Re: quickness is not so obvious

DanBev:

If I wrote some code and found that it ran much slower than I expected, I first ask myself "What the heck did I do wrong?". I'll then look at the code to see if I did something dumb.

If the code and algorithm look OK, I'll normally then check my assumptions and write a simple program to "look at" the data, but not do any processing, just to see what the fastest possible time could be. (So in this case, I'd have it simply open and read the 10,000 files, but not really look at the contents or do any writing.) Perhaps getting the data really does take that long. (It may be trawling through a remote filesystem with significant network latency, perhaps some of the data is archived on a tape system and it takes time for the robot to swap tapes to make the data available, etc.
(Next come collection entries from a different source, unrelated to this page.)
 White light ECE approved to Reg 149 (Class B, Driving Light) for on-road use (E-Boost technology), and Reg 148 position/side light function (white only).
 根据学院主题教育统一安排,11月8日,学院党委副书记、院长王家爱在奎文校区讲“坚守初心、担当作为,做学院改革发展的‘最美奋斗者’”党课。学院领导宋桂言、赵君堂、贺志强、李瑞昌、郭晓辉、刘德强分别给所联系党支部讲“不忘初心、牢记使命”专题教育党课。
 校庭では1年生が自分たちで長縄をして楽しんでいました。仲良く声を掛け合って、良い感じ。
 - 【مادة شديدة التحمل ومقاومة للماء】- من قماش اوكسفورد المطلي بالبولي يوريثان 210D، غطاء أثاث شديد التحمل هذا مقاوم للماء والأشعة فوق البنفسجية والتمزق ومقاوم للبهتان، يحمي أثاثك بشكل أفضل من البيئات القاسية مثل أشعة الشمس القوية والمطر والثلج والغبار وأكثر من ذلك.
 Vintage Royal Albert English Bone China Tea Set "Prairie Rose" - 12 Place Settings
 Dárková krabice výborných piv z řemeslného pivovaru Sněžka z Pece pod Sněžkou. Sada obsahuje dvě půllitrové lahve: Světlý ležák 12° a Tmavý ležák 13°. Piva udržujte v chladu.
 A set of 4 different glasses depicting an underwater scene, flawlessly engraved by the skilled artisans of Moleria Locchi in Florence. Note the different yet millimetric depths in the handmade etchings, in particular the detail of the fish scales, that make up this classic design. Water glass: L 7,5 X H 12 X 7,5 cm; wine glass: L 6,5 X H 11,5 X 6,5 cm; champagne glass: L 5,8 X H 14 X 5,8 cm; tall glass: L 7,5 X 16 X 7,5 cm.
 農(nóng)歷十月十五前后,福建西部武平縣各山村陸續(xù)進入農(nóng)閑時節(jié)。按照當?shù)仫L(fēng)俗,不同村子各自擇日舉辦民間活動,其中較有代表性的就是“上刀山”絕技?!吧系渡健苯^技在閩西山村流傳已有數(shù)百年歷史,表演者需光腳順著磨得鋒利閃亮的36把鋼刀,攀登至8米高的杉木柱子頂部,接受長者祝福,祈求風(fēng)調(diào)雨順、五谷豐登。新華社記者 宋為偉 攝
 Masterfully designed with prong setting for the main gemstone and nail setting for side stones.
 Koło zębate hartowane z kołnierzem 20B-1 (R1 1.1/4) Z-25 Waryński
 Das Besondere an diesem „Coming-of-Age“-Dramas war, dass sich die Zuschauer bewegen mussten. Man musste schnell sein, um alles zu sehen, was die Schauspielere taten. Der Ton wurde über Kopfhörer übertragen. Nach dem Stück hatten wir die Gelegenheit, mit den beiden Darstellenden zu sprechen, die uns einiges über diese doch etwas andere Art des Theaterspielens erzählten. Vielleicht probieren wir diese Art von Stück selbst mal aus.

So if there's little time difference in simply reading the data and doing the processing, I'll ask the operations team about improving performance. If the difference is *huge*, then it's time to profile your code and find out where it's spending all its time. Sometimes you'll find yourself doing something silly (oops! I'm opening and scanning the contents of file X inside of a loop where I'm processing file Y line-by-line). Sometimes you might find a regex that's performing poorly for some odd data. Or you may find that the algorithm you used is even less performant than expected, and you need to use/invent a better one.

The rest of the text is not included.